Could you output the listing that follows exactly, without its images?

******************************

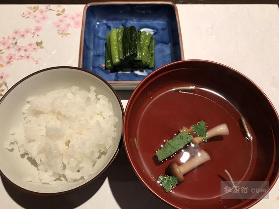 もしかすると一人だけ18:30からスタートにしたせいかもしれませんが、時間になると仲居さんが奥に引っ込んでしまうらしく、それに合わせて配膳しているという感じでした。18:00スタートにした方が良いかもしれません。
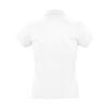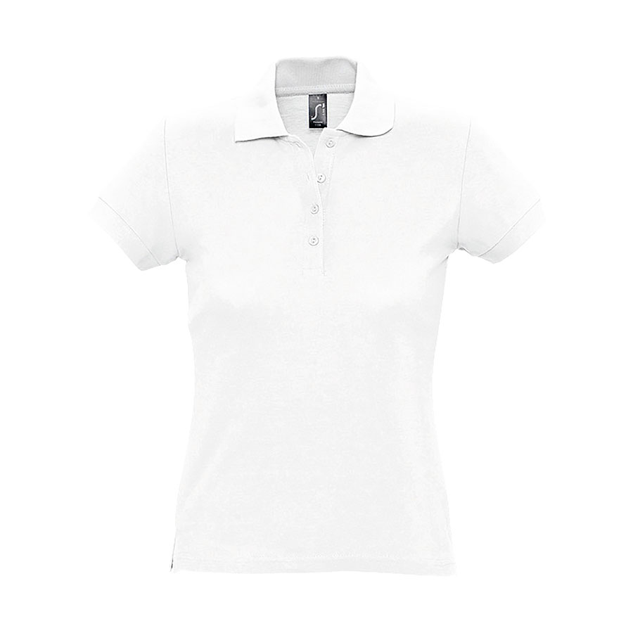 Приталенное женское поло.Прямой низ, боковые разрезы. Рукав короткий.Воротник и манжеты из эластичной резинки-рибаны.Ворот укреплен тесьмой.4 пуговицы в тон изделия на планке.Запасная пуговица на внутреннем боковом шве.Цвет близкий к PANTONE 426C
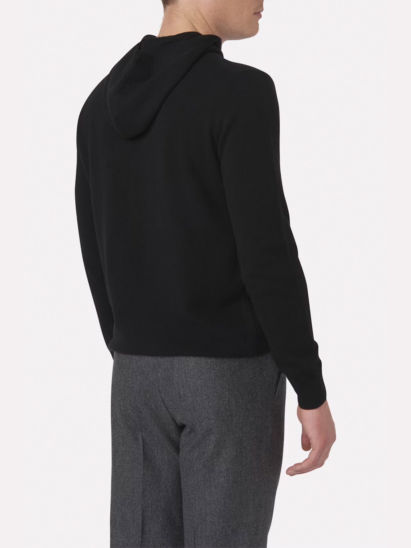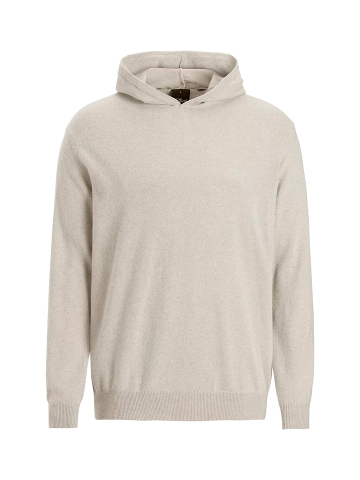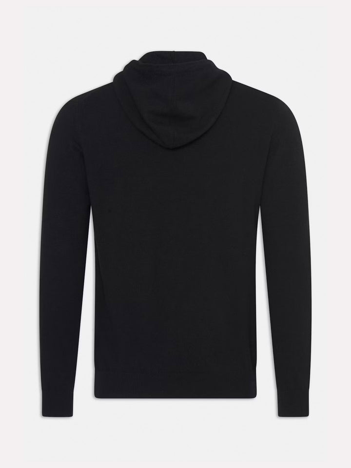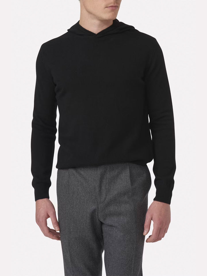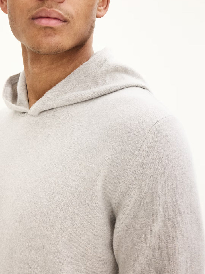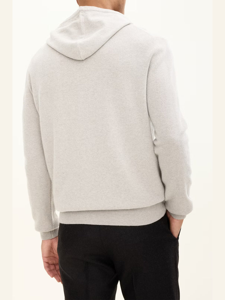 En lyxig hoodie från Oscar Jacobson, tillverkad i en mjuk blandning av ull, viskos och kashmir som ger värme, komfort och en silkeslen yta.
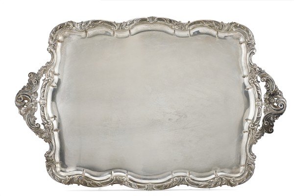 Grande vassoio biansato con bordura e prese decorate in rilievo a volute fogliate e fiori (g 4500) (cm 73x47) (difetti)
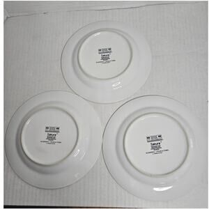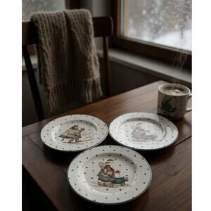Discontinued Collection of Sakura stoneware salad, lunch or dessert plates. Designed by Debbie Mumm. Set of 3, each has different character. Snowman, Bear, Scotty Dog on leash with lady. 8.25 inch diameter. Microwave and dishwasher safe.
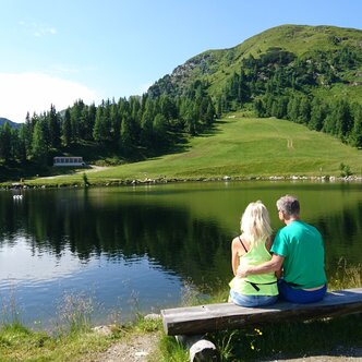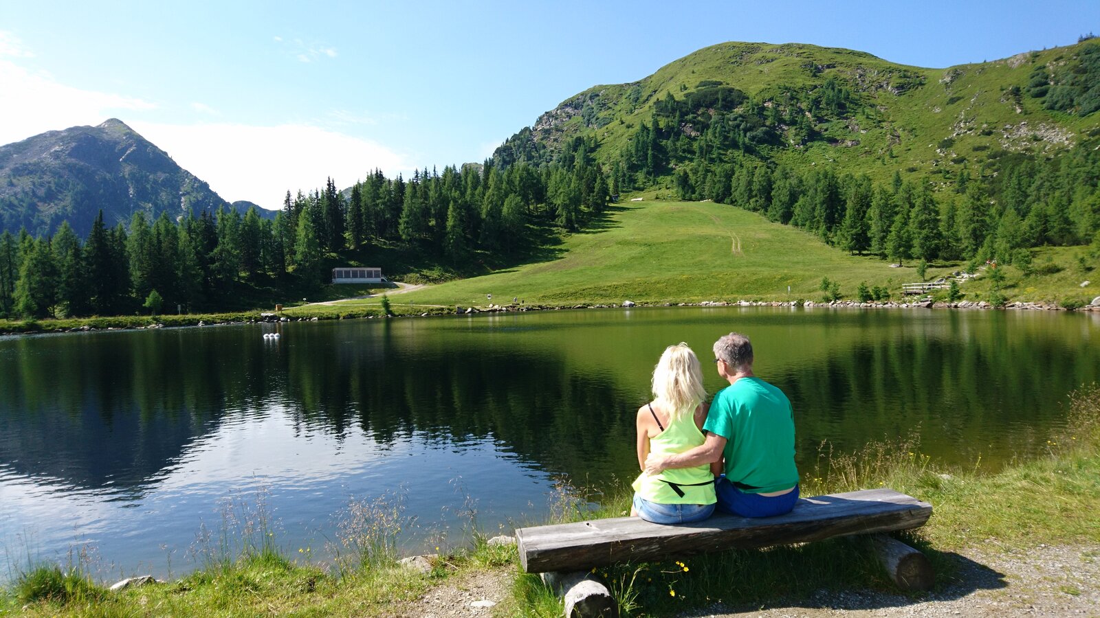 Meine Eltern genießen den Blick auf den Spiegelsee. Und ich genieße ihren Anblick, wenn ich seh, wie glücklich die beiden sind und den wohlverdienten Urlaub genießen.

******************************

Solution to the exercise:
 もしかすると一人だけ18:30からスタートにしたせいかもしれませんが、時間になると仲居さんが奥に引っ込んでしまうらしく、それに合わせて配膳しているという感じでした。18:00スタートにした方が良いかもしれません。
 Приталенное женское поло.Прямой низ, боковые разрезы. Рукав короткий.Воротник и манжеты из эластичной резинки-рибаны.Ворот укреплен тесьмой.4 пуговицы в тон изделия на планке.Запасная пуговица на внутреннем боковом шве.Цвет близкий к PANTONE 426C
 En lyxig hoodie från Oscar Jacobson, tillverkad i en mjuk blandning av ull, viskos och kashmir som ger värme, komfort och en silkeslen yta.
 Grande vassoio biansato con bordura e prese decorate in rilievo a volute fogliate e fiori (g 4500) (cm 73x47) (difetti)
Discontinued Collection of Sakura stoneware salad, lunch or dessert plates. Designed by Debbie Mumm. Set of 3, each has different character. Snowman, Bear, Scotty Dog on leash with lady. 8.25 inch diameter. Microwave and dishwasher safe.
 Meine Eltern genießen den Blick auf den Spiegelsee. Und ich genieße ihren Anblick, wenn ich seh, wie glücklich die beiden sind und den wohlverdienten Urlaub genießen.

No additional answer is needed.